(Exercise goal)
The material below holds pictures; leave them out and reproduce exactly the lines from the one with "LOT 10: Cowan" through the one with "Combine isso com", inclusive.
========================================
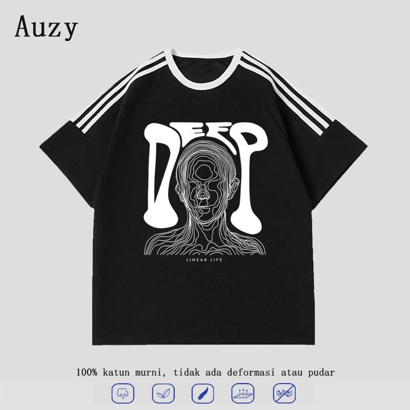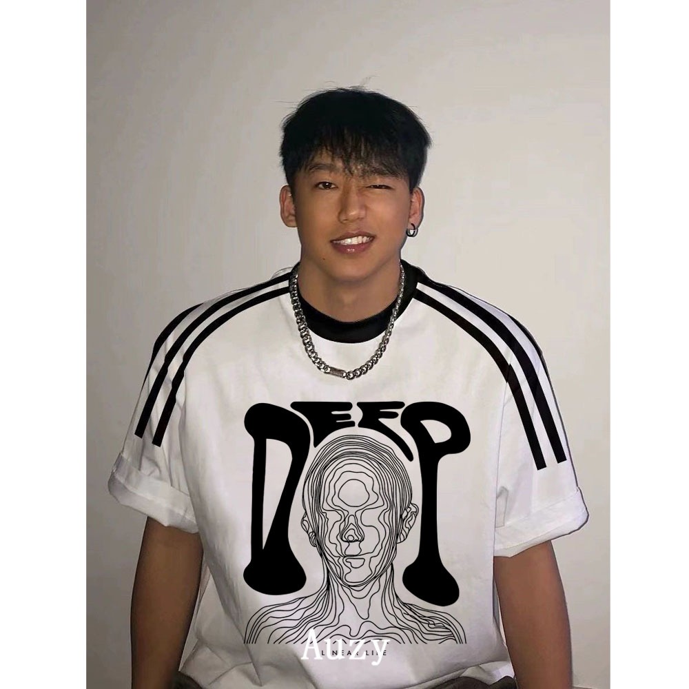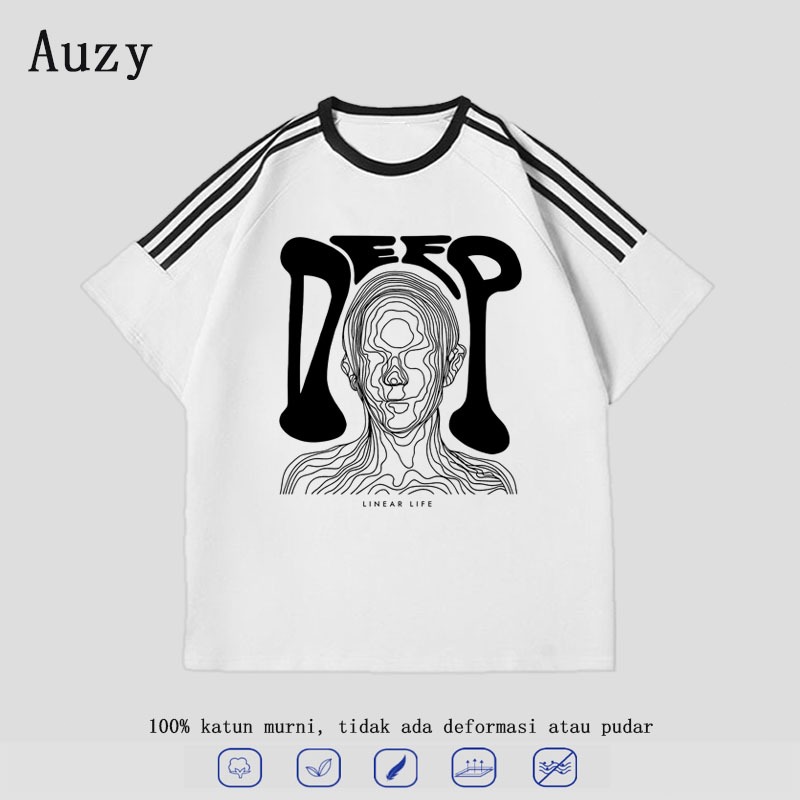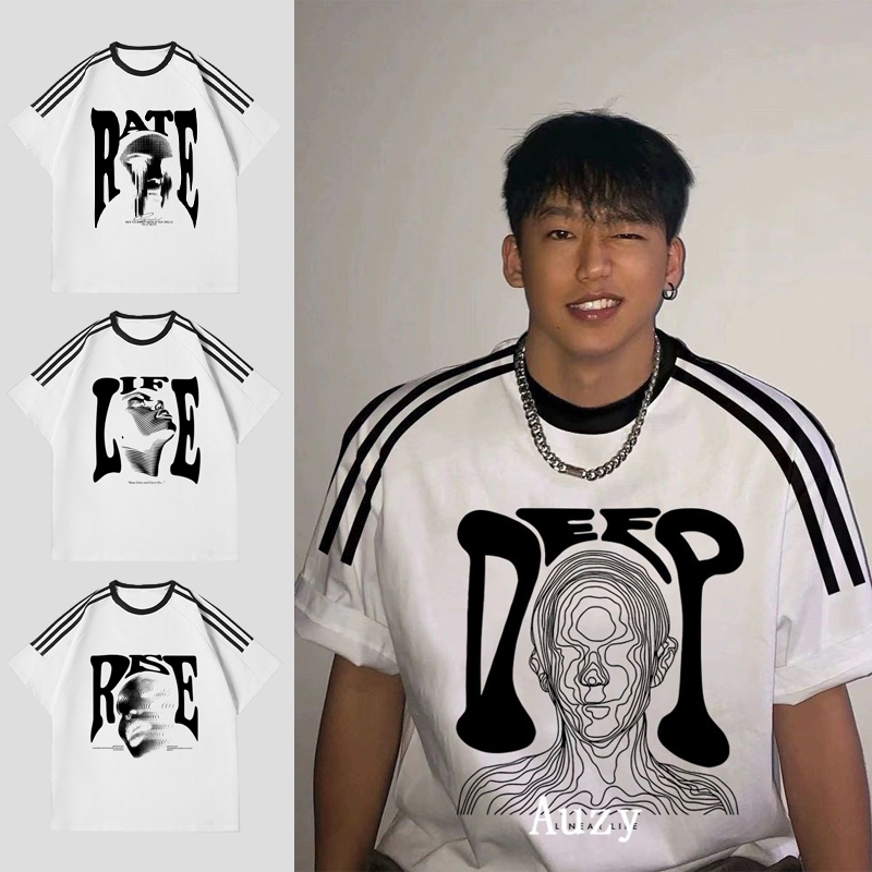 AUZY DEEP Gaya Amerika jersey Kaos Pria Dicetak Tiga Garis Kaos Lengan Pendek Pria Lengan Pendek Atasan Putih kaos termu
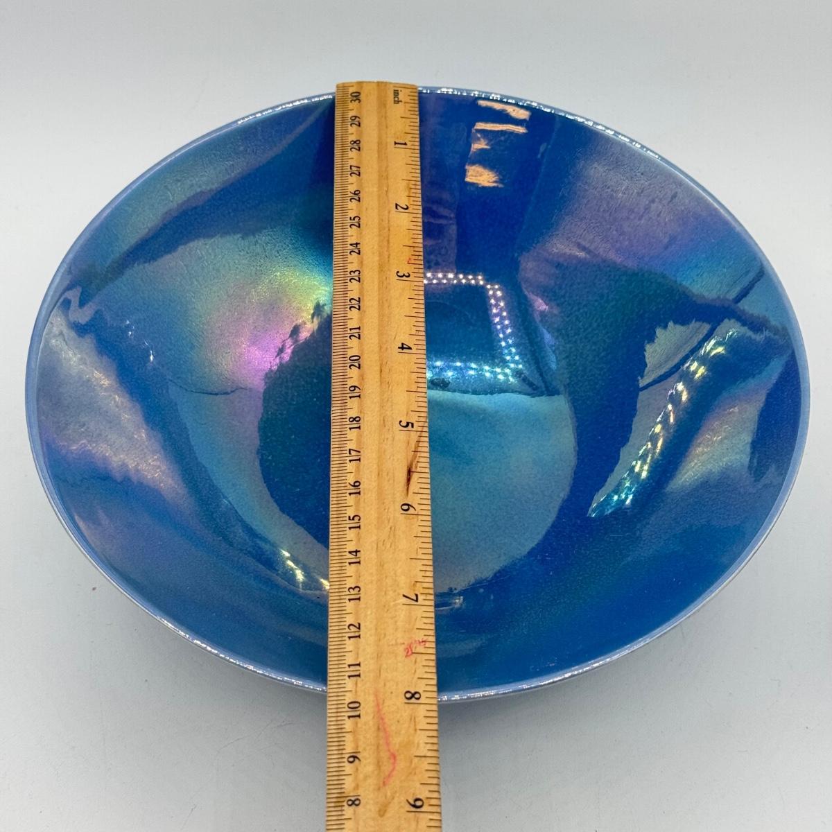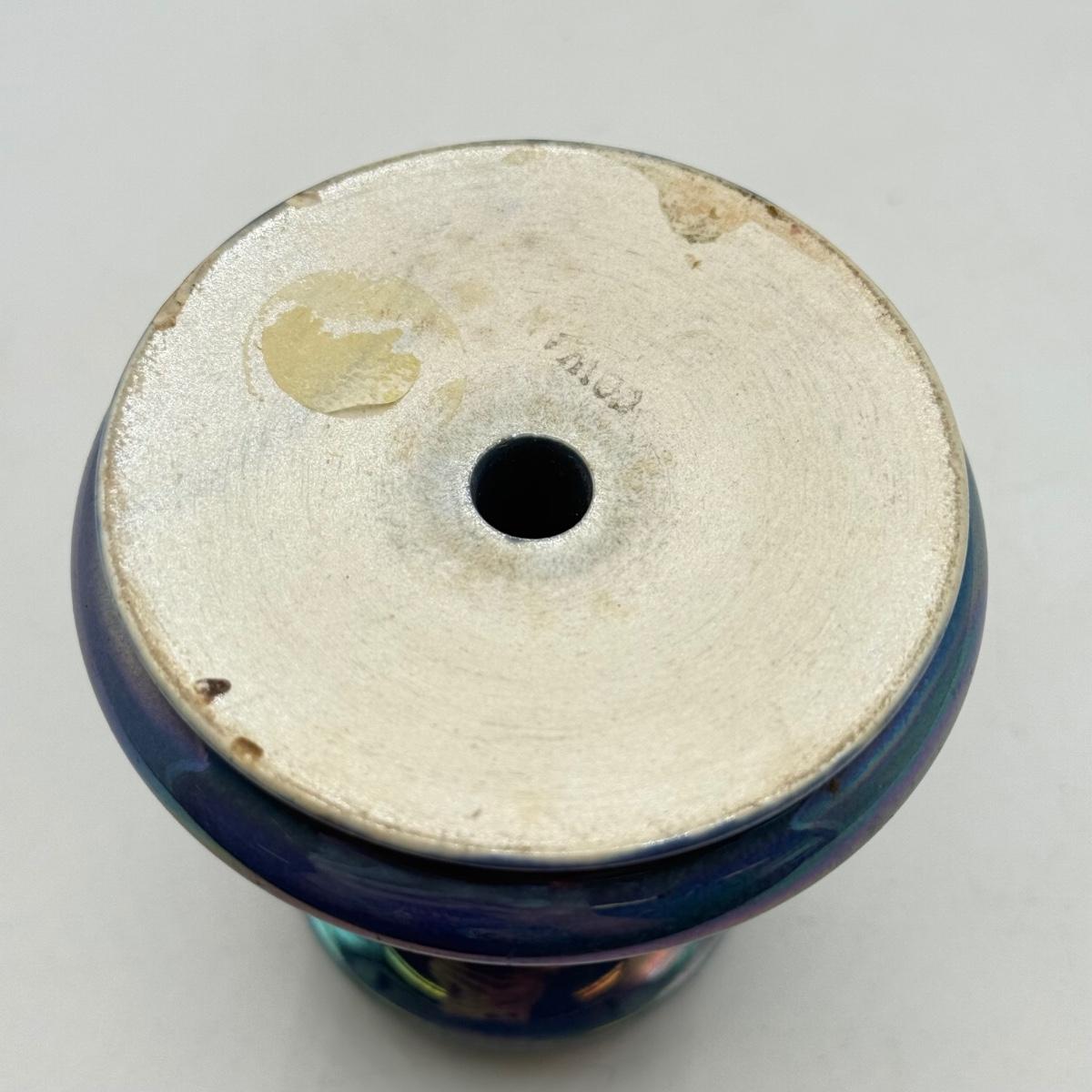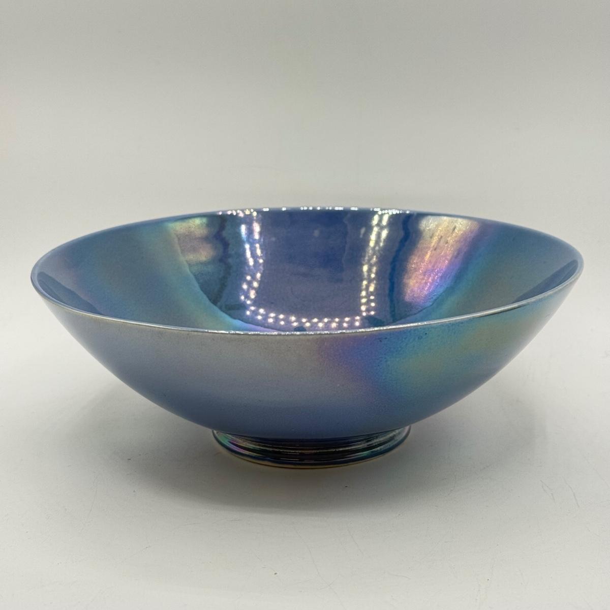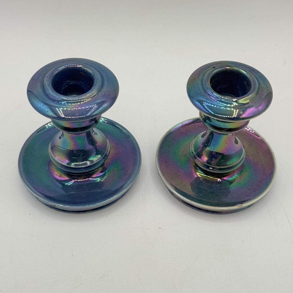 LOT 10: Cowan Pottery Blue Iridescent Bowl & Matching Pair of Candle Holders
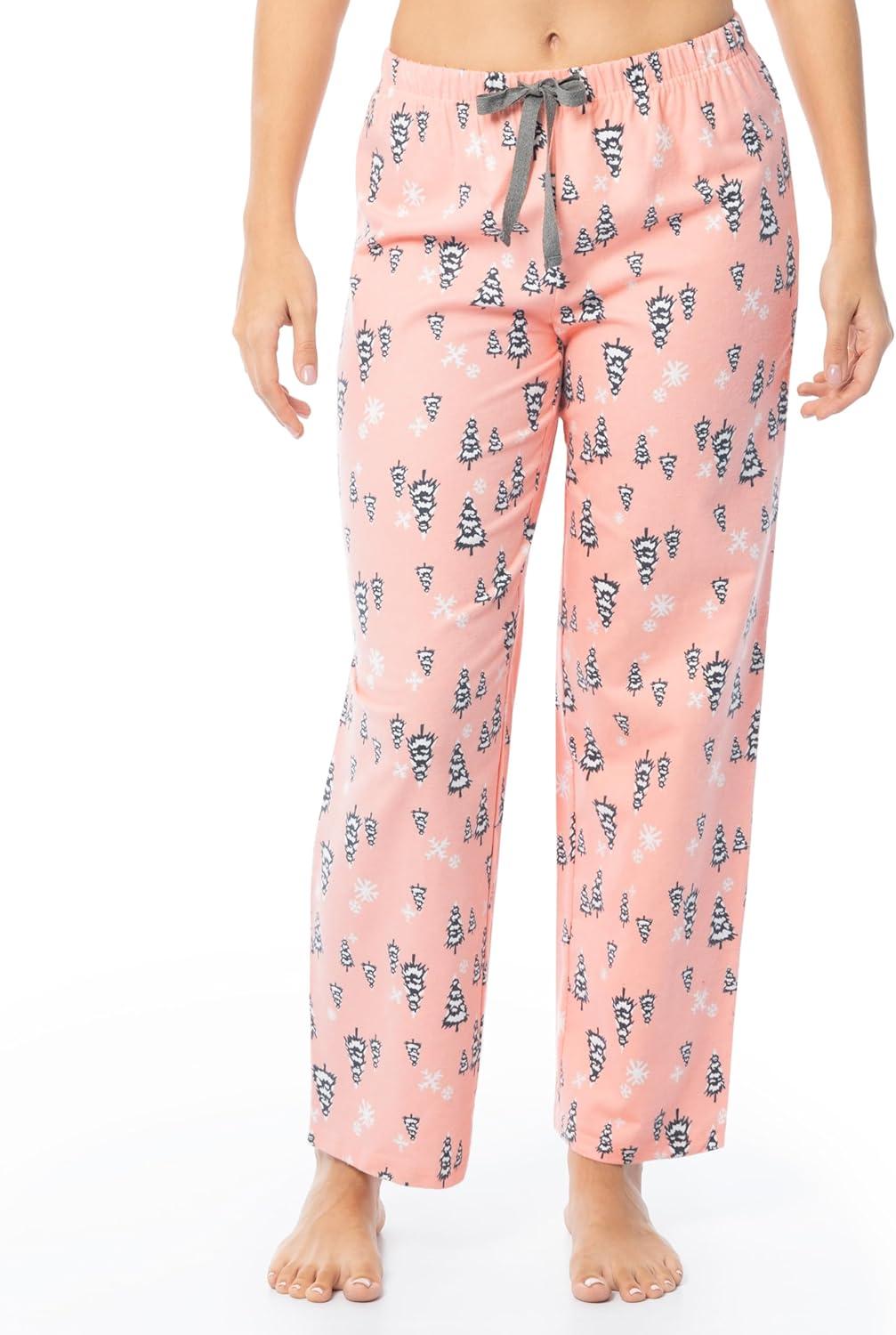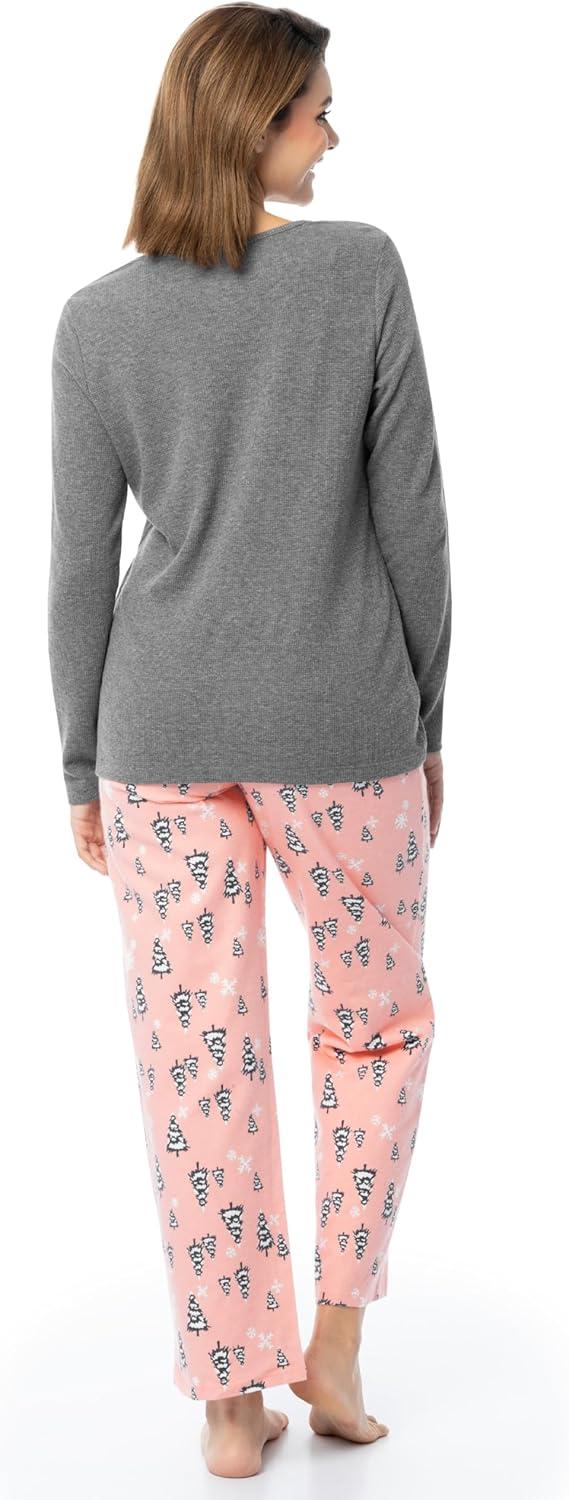 Fruit of the Loom Women’s Waffle V-Neck Top and Flannel Pant Sleep Set(Heather Grey/Snowy Trees)
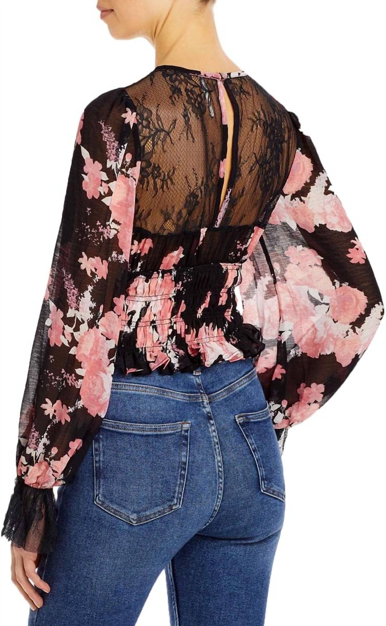Combine isso com seus jeans e chinelos favoritos para sua próxima noite entre amigas. Abrace a elegância atemporal com a Blusa Daphne da Free People na cor Midnight Combo, adornada com uma delicada estampa floral. Esta blusa de manga comprida apresenta punhos de renda intrincados e um fecho de encaixe nas costas, realçando seu charme feminino. Confeccionada em 100% poliéster, apresenta um corte cropped com 48 cm de comprimento, ideal para combinar com suas peças favoritas de cintura alta. Cuidados: Lavar à máquina com água fria para facilitar a manutenção.
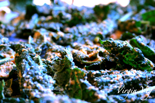 Pour the cashew sauce over kale and stir until coated. Place the kale chips on two cookie sheets and bake in a 175 degree oven for 3-4 hours or until crisp.
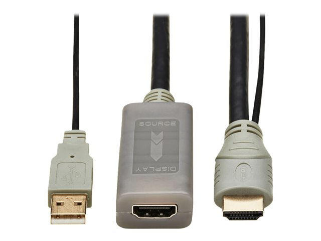 Eaton Tripp Lite Series HDMI Extension Cable with Active Repeater (M/F), 4K 60 Hz, HDR, 4:4:4, HDCP 2.2, 10 ft. (3.1 m), TAA - HDMI-forlængerkabel med Ethernet - TAA-kompatibel - USB, HDMI han til HDMI hun - 3.1 m - grå, sort - 4K60 Hz (3840 x 2160) support, aktiv gentager, 3D video support, guldbelagte kontakter
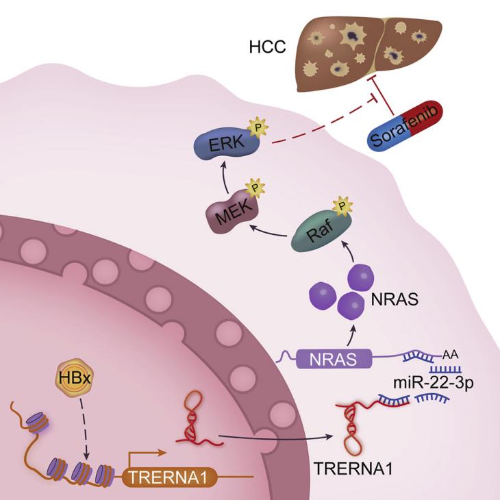 樊红教授课题组应用RNA-seq筛选HBV关键基因HBx诱导肝细胞上调lncRNA,发现HBx过度上调了肝细胞中lncRNA TRERNA1 的表达,且TRERNA1 的表达水平与HBx的诱导剂量相关。HCC病例中发现高表达TRERNA1的HCC患者预后更差。进一步研究表明,TRERNA1通过结合NRAS激活NRAS/Raf/MEK/ERK信号通路,降低了索拉菲尼对HCC治疗的敏感性,而miRNA-22-3p以海绵吸附方式调控了TRERNA1对NRAS/Raf/MEK/ERK信号通路的激活,同时,TRERNA1调控了细胞周期调节因子CDK2、CDK4和CyclinD1等蛋白表达而促进了HCC细胞的增殖活力, 阻碍了索拉菲尼对HCC 的治疗效果。
========================================
(Task output)
 LOT 10: Cowan Pottery Blue Iridescent Bowl & Matching Pair of Candle Holders
 Fruit of the Loom Women’s Waffle V-Neck Top and Flannel Pant Sleep Set(Heather Grey/Snowy Trees)
Combine isso com seus jeans e chinelos favoritos para sua próxima noite entre amigas. Abrace a elegância atemporal com a Blusa Daphne da Free People na cor Midnight Combo, adornada com uma delicada estampa floral. Esta blusa de manga comprida apresenta punhos de renda intrincados e um fecho de encaixe nas costas, realçando seu charme feminino. Confeccionada em 100% poliéster, apresenta um corte cropped com 48 cm de comprimento, ideal para combinar com suas peças favoritas de cintura alta. Cuidados: Lavar à máquina com água fria para facilitar a manutenção.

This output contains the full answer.